Yea and it is at that point I cry the most at divorce because I view divorce as a death of oneself as I seem to already died a spiritual death behind this incident. I lost my best friend . I have mentioned divorce to him and that i lost my best friend and he said I got other friends and I never wanted or loved him anyways. And he said if I want it I need to get it cause he made it clear to me that he is not going to do it. I believed in my vows.... as in my previous relationship I was not married but now I am and it sucks to have it go down like this.


----------



## EleGirl (Dec 3, 2011)

Poquitodefe said:


> Yea and it is at that point I cry the most at divorce because I view divorce as a death of oneself as I seem to already died a spiritual death behind this incident. I lost my best friend .

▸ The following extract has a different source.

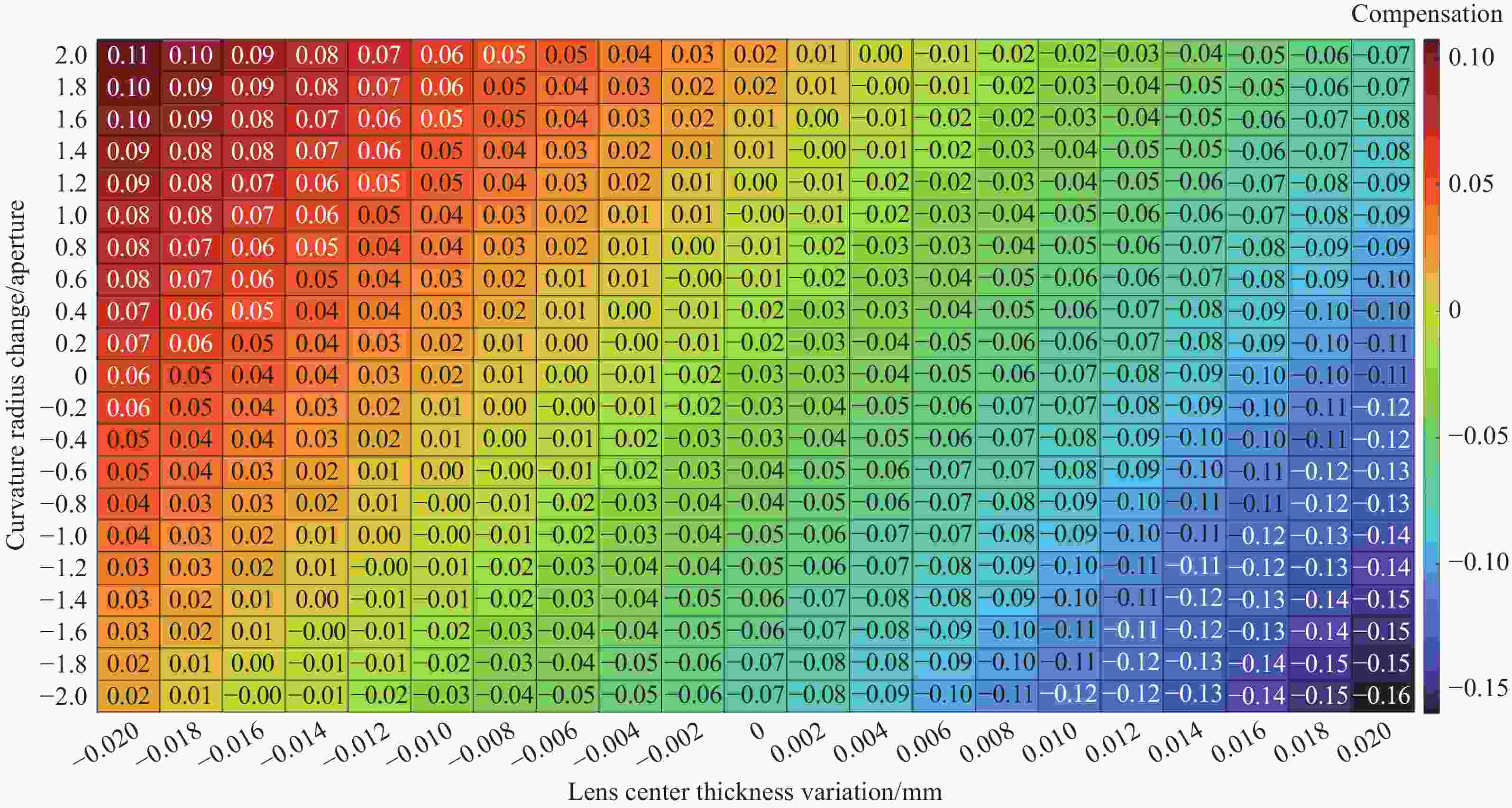 Item Index Radius of curvature 3 fringes Lens center thickness 0.02mm Surface irregularity 0.3 fringes Surface decenter 0.03mm Surface tilt 0.03° Element decenter 0.03mm Element tilt 0.03° Index 0.001 Abbe number 0.5% Test wavelength 1550 nm 表 4 公差分析结果

I think I understand how your feel. I've been married/divorce twice. In both my marriages it was similar in that the guy seemed to be a very different person before we married. It's so bazar. But I've come to learn that it happens fairly often.. sadly.


Poquitodefe said:


> I have mentioned divorce to him and that i lost my best friend and he said I got other friends and *I never wanted or loved him anyways.* And he said if I want it I need to get it cause he made it clear to me that he is not going to do it. I believed in my vows.... as in my previous relationship I was not married but now I am and it sucks to have it go down like this.


That's just him trying to make you feel guitly. He's not even trying to save his marriage.

I'm sorry this is happening to you. Do your children know what's going on? How are they handling things?


----------



## Poquitodefe (May 25, 2020)

Sigh...my middle son knows... the little ones seem unfazed. My oldest has been on a trip and is unaware. My heart breaks for the little ones as they adore him. In their eyes he still can not do wrong. I am thankful for your responses as I needed to vent and feel normal as he made me feel like I was the crazy one in all of this.


----------



## frusdil (Sep 5, 2013)

Poquitodefe said:


> Yea and it is at that point I cry the most at divorce because I view divorce as a death of oneself as I seem to already died a spiritual death behind this incident. *I lost my best friend *. I have mentioned divorce to him and that i lost my best friend and he said I got other friends and I never wanted or loved him anyways. And he said if I want it I need to get it cause he made it clear to me that he is not going to do it. I believed in my vows.... as in my previous relationship I was not married but now I am and it sucks to have it go down like this.


No you haven't honey. You've only lost the man you _thought_ he was. Turns out, that man doesn't exist. The reality is, you haven't really lost anything at all.

I'm so sorry for your pain, and I know it hurts.


----------



## frusdil (Sep 5, 2013)

Also - regardless of whether his family are in dire straits or not, he should be discussing it with you, his wife, _before_ giving them (or anyone else) any money.


----------



## Poquitodefe (May 25, 2020)

frusdil said:


> No you haven't honey. You've only lost the man you _thought_ he was. Turns out, that man doesn't exist. The reality is, you haven't really lost anything at all.
> 
> I'm so sorry for your pain, and I know it hurts.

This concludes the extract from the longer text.